_INFORMATION SUPPLIED_
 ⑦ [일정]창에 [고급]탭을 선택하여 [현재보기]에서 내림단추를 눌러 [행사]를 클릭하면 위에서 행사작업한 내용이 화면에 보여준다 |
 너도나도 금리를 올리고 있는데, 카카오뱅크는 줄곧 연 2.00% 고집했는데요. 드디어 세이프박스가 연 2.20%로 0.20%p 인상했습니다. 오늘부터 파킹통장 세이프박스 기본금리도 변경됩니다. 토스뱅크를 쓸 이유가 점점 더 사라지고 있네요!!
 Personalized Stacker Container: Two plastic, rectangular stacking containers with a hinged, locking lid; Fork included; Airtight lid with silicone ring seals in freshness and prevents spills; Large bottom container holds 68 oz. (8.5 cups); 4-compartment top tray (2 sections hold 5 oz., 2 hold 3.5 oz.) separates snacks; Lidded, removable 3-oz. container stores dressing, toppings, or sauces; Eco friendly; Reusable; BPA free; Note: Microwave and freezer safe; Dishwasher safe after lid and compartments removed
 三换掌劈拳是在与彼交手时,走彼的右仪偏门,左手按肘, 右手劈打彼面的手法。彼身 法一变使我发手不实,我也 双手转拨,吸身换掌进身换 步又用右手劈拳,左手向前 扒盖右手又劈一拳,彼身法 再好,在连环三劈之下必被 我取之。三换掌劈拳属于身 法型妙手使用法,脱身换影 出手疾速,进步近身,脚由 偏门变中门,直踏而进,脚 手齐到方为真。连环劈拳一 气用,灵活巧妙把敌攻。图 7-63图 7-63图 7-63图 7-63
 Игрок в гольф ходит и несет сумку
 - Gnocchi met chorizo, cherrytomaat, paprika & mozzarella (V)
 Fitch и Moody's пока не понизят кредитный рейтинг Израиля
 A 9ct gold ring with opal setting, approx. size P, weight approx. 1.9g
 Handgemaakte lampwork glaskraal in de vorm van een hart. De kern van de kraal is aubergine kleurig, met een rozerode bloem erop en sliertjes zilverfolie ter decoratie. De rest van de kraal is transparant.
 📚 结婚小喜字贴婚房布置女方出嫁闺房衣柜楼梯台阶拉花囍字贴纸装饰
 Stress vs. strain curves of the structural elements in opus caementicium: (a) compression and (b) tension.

_PROBLEM STATEMENT_
Report the number of lines in these entries that hold the word "with". Add nothing else.

_RESPONSE TO THIS EXERCISE_
2